David was told to keep a steady pace, as if he didn’t notice the bears. When he did sneak a glance, he could see the great white beasts lift their heads to look at them. Often the bears were resting on the flats, with four or five lying in a circle formation with their heads facing the centre.

Avoiding these large predators was not always possible and eventually they came across a bear that was blocking the trail at a stream crossing. It had killed a beluga whale and dragged the carcass onto the bank. They waded in to cross, but the bear gave a threatening growl and showed its fearsome teeth. It would protect its kill from any threat. They moved upstream and crossed at a safer distance.

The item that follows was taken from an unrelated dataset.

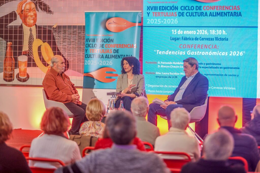 Acaba de iniciarse el nuevo año y la Carta Malacitana dedica el jueves 15 de enero, su primera actividad dentro del ciclo programado de conferencias a las «Tendencias gastronómicas para 2026». Con la presentación y moderación de Laura Escobar, han sido invitados el abogado y gastrónomo Fernando Huidobro, y el periodista gastronómico Marcos Chacón. El escenario ha sido la fábrica de cervezas Victoria.

Several days out of York Factory the guides, now out of grog, decided to take a polar bear hide in for trade. It would fetch them three pints of brandy. David sat on a drift log and watched. Their target, a sow some distance out on the flats, seemed unconcerned by the approaching hunters. When she finally resolved to move away, it was too late. David saw puffs of smoke and heard shots as the bear staggered under the musket fire. The brave animal twisted and turned defiantly towards the shots as the lead musket balls entered her body. When she finally fell, the hunters fired a last shot into her head. That done, they unsheathed their knives and began the long skinning process.

By the time the hide was removed, the tide on the flats had risen to knee level and was soon threatening to engulf the hunters in the frigid water. They quickly severed the head and, dragging it by the ears, waded to shore, leaving the floating hide behind. They placed the head facing seaward on a grassy hummock, and rubbed its nose with red dye. Then the two packets chanted. All of this, they told David, was meant to please the spirit, Manito, so he would cause the hide to drift ashore and not be lost. But it didn’t work. I guess the Manito wants them sober, David reasoned.


Buffalo meat dried in the sun was made into pemmican, the staple food that fuelled the fur trade.